A number of substrate concentrations are fixed in the model and in all the simulations reported below. These include: cytosolic GAR (10), NADPH (50), betaine (50), formaldehyde (500), dUMP (20), and total cellular folate (20). All concentrations are in μM.

### Limitations of the model

This model was designed to allow us to study various regulatory mechanisms in the transsulfuration pathway and the effects of oxidative stress, particularly as applied to Down syndrome and autism. No mathematical model can track all of the variables that might affect a complex biochemical system such as glutathione metabolism. This is also true, of course, in biological experimentation. This model is no exception. We ignore canalicular excretion of GSH. We use K_{m} values in the ranges determined experimentally but there is much less information on V_{max} values. Often we choose V_{max} values so that the steady state concentrations of substrates and products lie within the normal published ranges. Cellular amino acid concentrations are increased by feeding and protein degradation and decreased by protein synthesis, growth and use in one-carbon metabolism. In this model we assume that protein synthesis and degradation are in balance and that no amino acids are used for growth. The consequences of this assumption are outlined in the discussion.

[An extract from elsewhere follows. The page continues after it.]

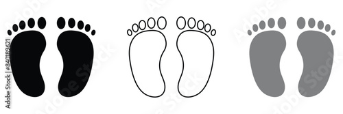 Vector footprints, adult footprints and baby footprints on white background. Vector Illustration.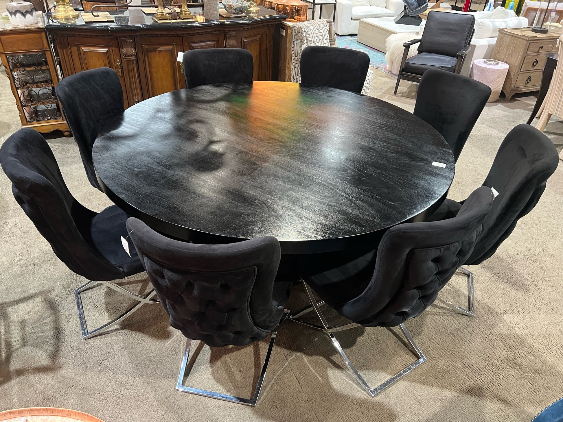 Table & Chairs Black Mahogany Wood & Velvet

One-carbon metabolism and the transsulfuration pathway contain many allosteric interactions by which substrates in one part of the pathway affect the activity of distant enzymes. We use experimentally determined forms for these allosteric interactions but sometimes the details of the kinetics are not known, forcing us to make reasonable educated guesses. Similarly, many effects of oxidative stress on the enzymes of one carbon metabolism and the transsulfuration pathways are known but detailed kinetics are not available.

In this paper we are mainly interested in intracellular liver metabolism, so we take a somewhat simple view of the fates glutathione and its metabolites in the blood. Future work will include a more detailed model of the blood compartment and inter-organ regulation of glutathione and its component amino acids. Thus, we do not expect that our model will make perfect quantitative predictions. Rather, we want to use it to investigate the qualitative features of glutathione metabolism in the normal state and in various disease states.